Traditional 2D Morphing has a fatal weakness that it does not consider the three-dimensional space and perspective. When the shooting viewpoints of the two images are different, directly performing 2D Morphing will produce severe geometric distortions. For example, a straight line in three-dimensional space may curve during the Morphing process.

Seitz and Dyer proposed View Morphing in 1996 to solve this problem. It aims to generate intermediate view points that are physically correct.

Core idea: Convert the complex perspective transformation problem into a simple parallel view interpolation problem through reprojection (reprojection).

Three-step algorithm:

Pre-warp: Utilize the camera projection matrix of the two images (or the basic matrix calculated through feature points), transform the source image $I_{S}$ and the target image $I_{D}$ respectively, project them to a common plane parallel to the camera baseline, and obtain $I_{S}^{'}$ and $I_{D}^{'}$ . In these “corrected” images, corresponding points are located on the same horizontal scan line.
Morphing: Interpolate the corrected images $I_{S}^{'}$ and $I_{D}^{'}$ simply or perform 2D Morphing. Since the geometry has been aligned, this process will not produce distortion, but only simple pixel mixing and displacement.
Post-warp: Project the generated intermediate frame $I_{t}^{'}$ from the common plane to the final intermediate view point through the intermediate camera matrix, and obtain the final result $I_{t}$ .

View Morphing can generate realistic three-dimensional rotation effects, but it requires additional information about camera geometry.

Anti-aliasing:

Folds: When a surface visible in the source view is occluded in the target view.
Holes: When a surface occluded in the source view becomes visible in the target view. These issues can be resolved by using depth information (or its approximate value — disparity). Through the idea of Z-Buffering, we can determine which surface should be in front, thus correctly handling occlusion relationships.

Conclusion

Summary

Core Principle: Image distortion + cross dissolve.
Main Algorithms:
- Based on Grid: Intuitive but control is complex.
- Based on Feature Line Pairs (Beier-Neely): Control is intuitive, results are outstanding, and it is the industry standard. We delved into its mathematical derivation and code implementation.
Advanced Extensions:
- Transition Control: Achieve non-linear animation rhythms.
- View Morphing: Through the combination of camera geometry, generate physically correct intermediate views, solving the perspective distortion problem of traditional 2D Morphing.

Limitations

Despite the power of 2D morphing, it has its inherent limitations:

Lack of Three-Dimensional Information: Unable to handle changes in lighting, shadow, and material.
Dependent on Manual Annotation: Whether it is grid or feature line pairs, a large amount of manual interaction is required to specify corresponding relationships.
Sensitive to Large-Scale Transformations: When the source and target are significantly different, it may produce unnatural “ghosts” or tearing effects.

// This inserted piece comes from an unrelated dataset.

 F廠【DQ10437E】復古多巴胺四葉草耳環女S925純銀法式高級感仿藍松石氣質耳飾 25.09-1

Prospects: The Age of Deep Learning

Recently, with the development of deep learning, especially generative adversarial networks (GANs), image-to-image conversion has entered a new era. Models like StyleGAN and CycleGAN can learn the high-dimensional feature distribution of datasets, achieving astonishing image conversion effects, such as aging faces, gender conversion, style transfer, etc.

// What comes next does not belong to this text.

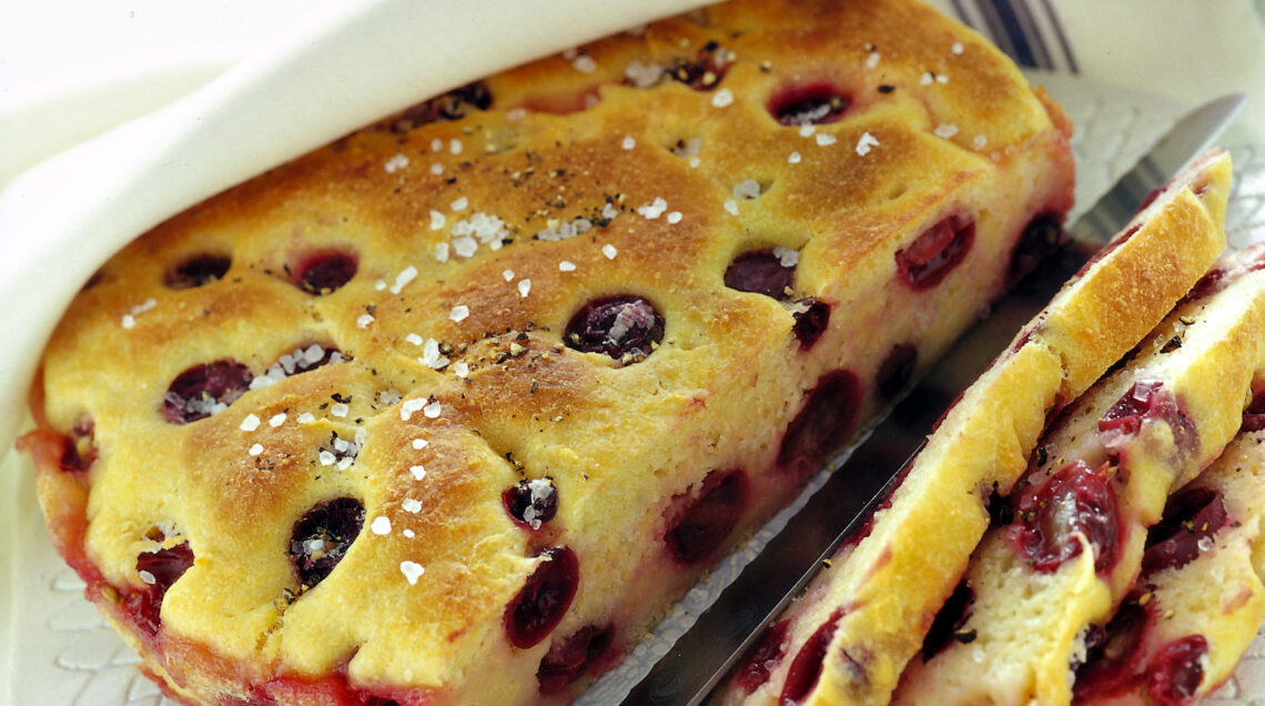 Trascorso il tempo della lievitazione, lavora l'impasto per sgonfiarlo, unisci 500 g di uva nera, versalo in uno stampo di 28 cm di diametro, leggermente oliato, cospargilo con un pizzico di sale grosso e di grani di pepe nero pestati, coprilo e fallo lievitare ancora per un'ora.

These deep learning methods compared to the classic morphing we learn today:

Advantages: Usually do not need to manually specify features, can generate more realistic and detailed textures, and can even “imagine” the hidden parts.
Disadvantages: Controllability is poor (“black box” operation), requires a large amount of training data, and may produce results unrelated to the input and unpredictable.

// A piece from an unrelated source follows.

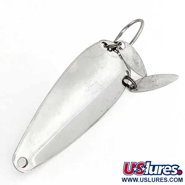 Vernickelte Oberflächen dieser 12 g (2/5 oz) schweren Blinker sorgen für einen kontrastreichen Lichtreflex, der Beutefische imitiert. In der Nähe des Hakens sind zwei längliche „Sonic Blades“ angebracht, die für zusätzliche visuelle Reize sorgen und den Haken tarnen. Auf der Unterseite befinden sich die Prägungen „MARATHON“ und „USA“, Markenzeichen der Qualitätsfertigung der Marathon Bait Company aus Wisconsin zwischen 1929 und 1979. Mit einer Länge von 6 cm (2 1/4") ist das Profil des Köders speziell für das Auswerfen in dichte Vegetation konzipiert, unterstützt durch den integrierten Krautschutz aus Draht, der den Einzelhaken schützt. Der Zustand ist eine solide 5/5, mit hellem Glanz und scharfen Komponenten am gesamten Körper sowie an den Zusatzblättern. Der Artikelcode 11343 steht für ein funktionales Beispiel klassischer Angeltechnik, das auf hängerfreies Fischen spezialisiert ist.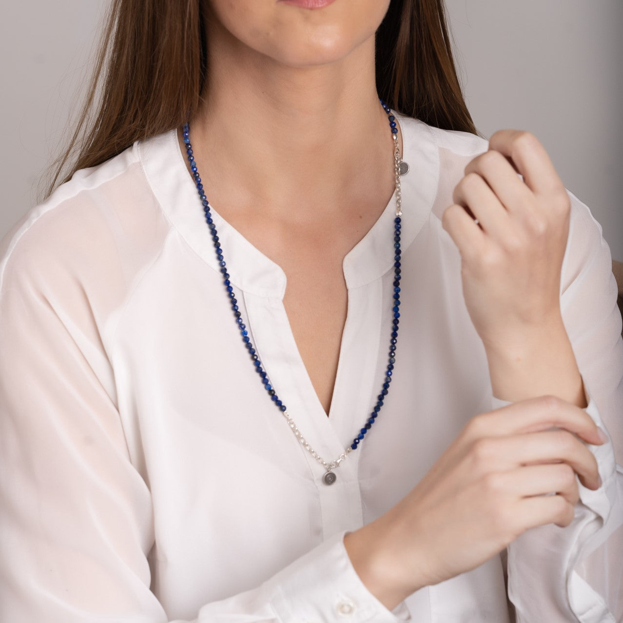 Petit Secret collection set of necklace and bracelet with silver 925 and natural lazurite - stone of wisdom, truth and glory.

Classic morphing technology, with its precise controllability, intuitive manipulation of geometry, and independence from large-scale training data, is still an indispensable tool in many professional fields (such as movie special effects, medical imaging, scientific visualization).

Mastering these classic algorithms not only allows you to understand the foundation of computer graphics, but also helps you understand and develop more advanced generative models in the future.